SECURITIES AND EXCHANGE COMMISSION

Washington, D.C. 20549

 

 

FORM 8-K

 

 

CURRENT REPORT

Pursuant to Section 13 or 15(d)

of the Securities Exchange Act of 1934

Date of report (Date of earliest event reported) December 1, 2020

 

 

APi Group Corporation

(Exact Name of Registrant as Specified in its Charter)

 

 

 

Delaware   001-39275   98-1510303

(State or Other Jurisdiction

of Incorporation)

 

(Commission

File Number)

 

(IRS Employer

Identification No.)

 

1100 Old Highway 8 NW

New Brighton, MN

  55112
(Address of Principal Executive Offices)   (Zip Code)

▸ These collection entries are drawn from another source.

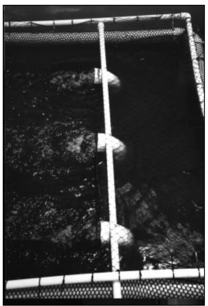
Fig. 6. Air-lifts inside cage.

Most air-lifts should be constructed to be approximately 36 inches long with an "elbow" at the upper end (elbows at the bottom are optional). Air-lifts can be attached to the outside of the cage or hung in the cage (see Figure 6). Air-lifts will not lift water more than a few inches above the pond's surface and therefore should be attached to the cage as close to the water surface as possible. Air-lifts must be attached to the cage(s) at the same level and held straight vertically, not tilted. The place the hose connects to the air-lift must be between 30 and 34 inches below water level, and all air-lifts must have hoses attached at the same level. A constriction orifice (see Figure 7) must be placed in the air line going to each air-lift, where it attaches to the air manifold. Orifice size should be between 1/8 and 3/16 inch in diameter (3/16-inch diameter is common) and all the same size. The constriction orifice equally distributes air to all air-lifts and stabilizes water flow through each airlift.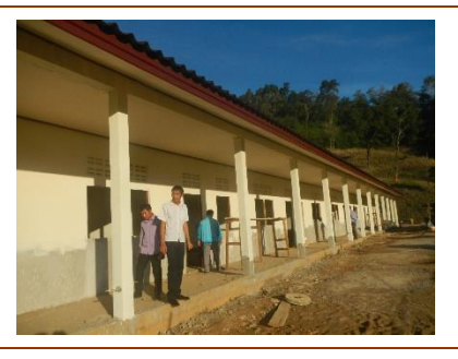
The new school building with six fully furnished classrooms is finished! Thank you for your support!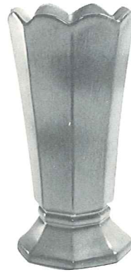
64—9 1/2" OCTAGONAL VASE 7.75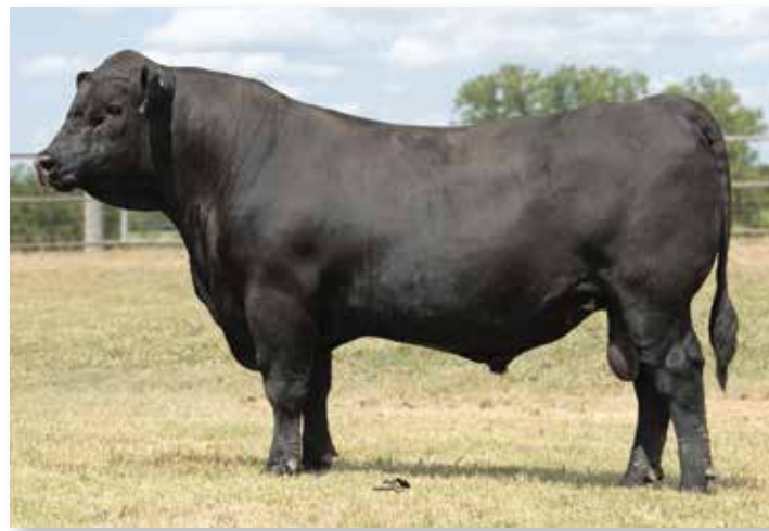
Lot 56 | TANNER BLUE SKY 3310

The son of 44 Blue Sky 7226 with leading 9 traits. Top 10% RE, Top 15% YW and Fat, Top 20% WW, Top 25% Milk and $F, Top 30% CW and $B, Top 35% $G. His dam posts 2 @ 104 WR and 2 @ 109 YR with an average 355 day calving interval on 2 head. Excellent Weaning and Yearling Growth and Milk, Big Ribeye 15.1 cm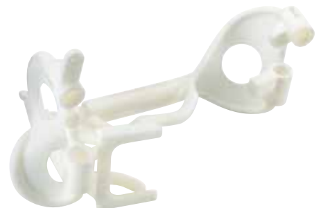
This ergonomic and lighter BMW hand tool reduced worker fatigue.

One very simple way to leverage the freedom of design is to consolidate assemblies into single parts. Often, jigs and fixtures are composed of many pieces.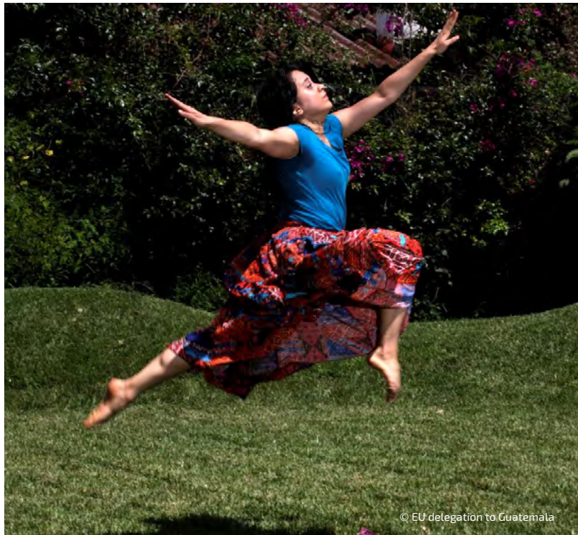
The first Guatemalan woman to win the scholarship Erasmus Mundus Joint Master Degree: Choreomundus - International Master in Dance Knowledge, Practice, and Heritage. Erasmus+.

In 2020 alone, the EU supported cultural projects, with over EUR 20 million in funds.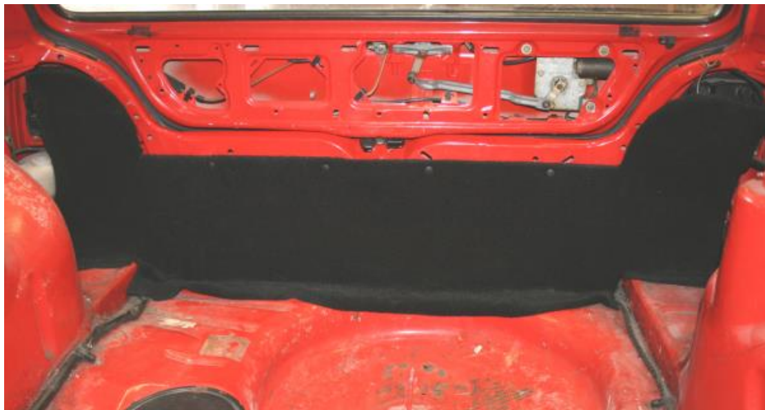
Where the carpet fits in the boot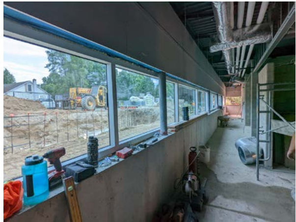
Interior: View towards the west (accessible change room)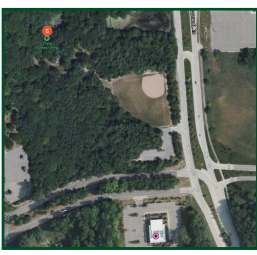
1827 N Squirrel Rd, Auburn Hills, MI 48326

Enter Cross Creek Parkway on the west side of Squirrel south of University Drive

Registrant’s telephone number, including area code: (651) 636-4320

(Former name or former address, if changed since last report)

 

 

Check the appropriate box below if the Form 8-K filing is intended to simultaneously satisfy the filing obligation of the registrant under any of the following provisions:

 

Written communications pursuant to Rule 425 under the Securities Act (17 CFR 230.425)

 

Soliciting material pursuant to Rule 14a-12 under the Exchange Act (17 CFR 240.14a-12)

 

Pre-commencement communications pursuant to Rule 14d-2(b) under the Exchange Act (17 CFR 240.14d-2(b))

 

Pre-commencement communications pursuant to Rule 13e-4(c) under the Exchange Act (17 CFR 240.13e-4(c))

Securities registered pursuant to Section 12(b) of the Act:

 

Title of each class

 

Trading

Symbol(s)

 

Name of each exchange

on which registered

Common Stock, par value $0.0001 per share   APG   The New York Stock Exchange

Indicate by check mark whether the registrant is an emerging growth company as defined in Rule 405 of the Securities Act of 1933 (§230.405 of this chapter) or Rule 12b-2 of the Securities Exchange Act of 1934 (§240.12b-2 of this chapter).

☐  Emerging growth company

If an emerging growth company, indicate by check mark if the registrant has elected not to use the extended transition period for complying with any new or revised financial accounting standards provided pursuant to Section 13(a) of the Exchange Act.  ☐

 

 

 


Item 8.01

Other Events.

On December 1, 2020, APi Group Corporation (the “Company”) announced that the Company’s Board of Directors authorized a stock repurchase program to purchase up to an aggregate of $100 million of shares of the Company’s common stock. Acquisitions pursuant to the stock repurchase program may be made from time to time through a combination of open market repurchases in compliance with Rule 10b-18 under the Securities Exchange Act of 1934, as amended, privately negotiated transactions, accelerated share repurchase transactions, and/or other derivative transactions, at the Company’s discretion, as permitted by securities laws and other legal requirements. In connection with the stock repurchase program, the Company may enter into Rule 10b5-1 trading plans which would generally permit the Company to repurchase shares at times when it might otherwise be prevented from doing so under the securities laws. The program will expire on December 31, 2021 unless otherwise modified or earlier terminated by the Company’s Board of Directors at any time in its sole discretion.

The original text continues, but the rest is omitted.